[INSTRUCTIONS TO FOLLOW]:
Transcribe every line of the material below exactly, leaving out the pictures.

[[ RECORDED DATA open ]]

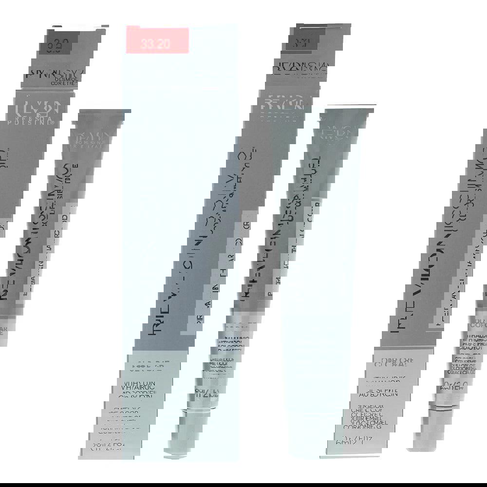 Revlonissimo Colorsmetique 33.20 Intense Dark Burgundy is a permanent hair colour from Revlon Professional. It is part of the Revlonissimo Colorsmetique range and comes in a 60ml size, with the shade name listed as Intense Dark Burgundy.
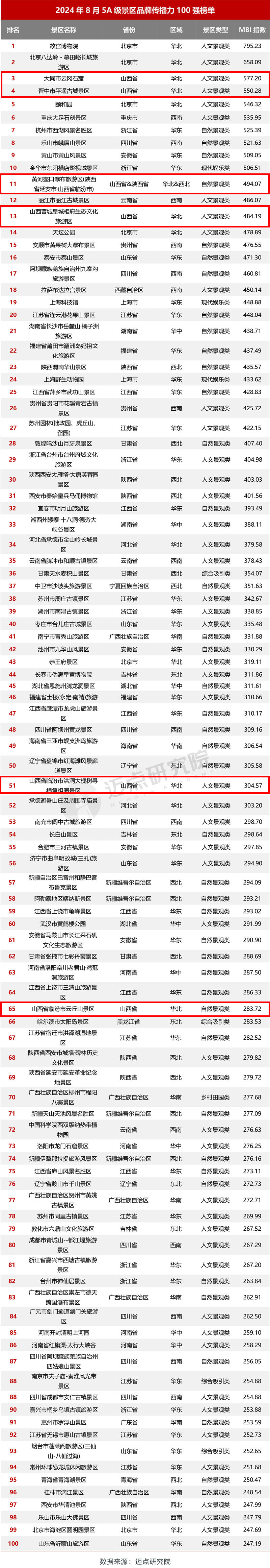 【綜合信息】2024年8月5A級景區品牌傳播力100強榜單
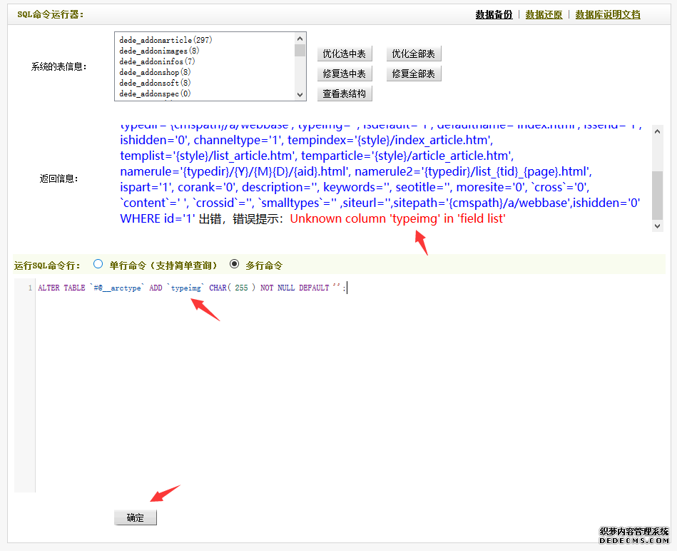 注意:上面SQL语句中的typeimg改成你错误提示里的字段名称,如果是缺少多个字段,就执行多条上面的SQL语句。
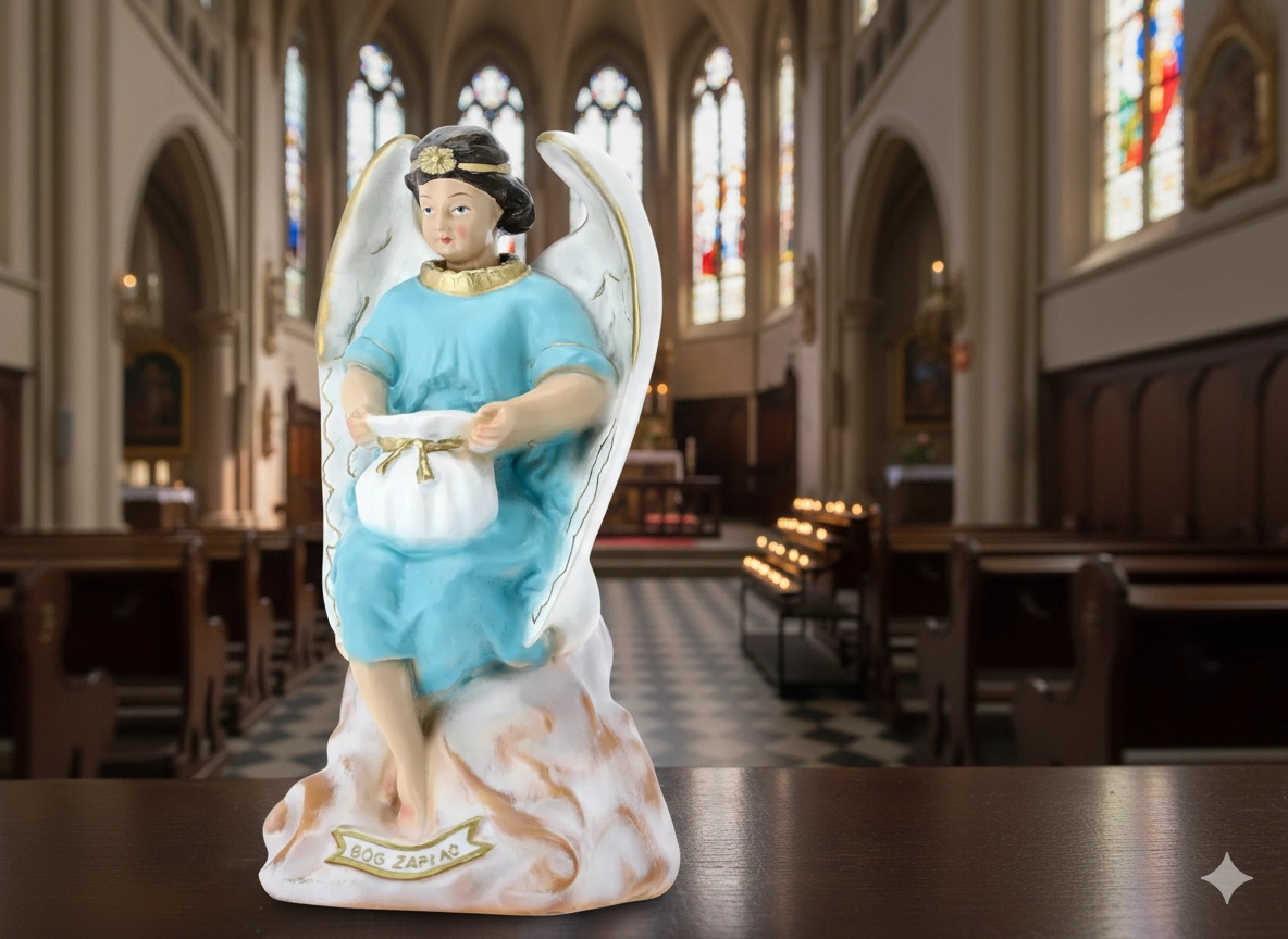 Anjelská pokladnička je skvelá ako darčekový predmet, vianočná dekorácia aj ako duchovný symbol ochrany do domácnosti. Prepracované krídla, jemné črty tváre a stabilný podstavec podčiarkujú reprezentatívny vzhľad.

[[ RECORDED DATA closed ]]

[WRITTEN SOLUTION]:
 Revlonissimo Colorsmetique 33.20 Intense Dark Burgundy is a permanent hair colour from Revlon Professional. It is part of the Revlonissimo Colorsmetique range and comes in a 60ml size, with the shade name listed as Intense Dark Burgundy.
 【綜合信息】2024年8月5A級景區品牌傳播力100強榜單
 注意:上面SQL语句中的typeimg改成你错误提示里的字段名称,如果是缺少多个字段,就执行多条上面的SQL语句。
 Anjelská pokladnička je skvelá ako darčekový predmet, vianočná dekorácia aj ako duchovný symbol ochrany do domácnosti. Prepracované krídla, jemné črty tváre a stabilný podstavec podčiarkujú reprezentatívny vzhľad.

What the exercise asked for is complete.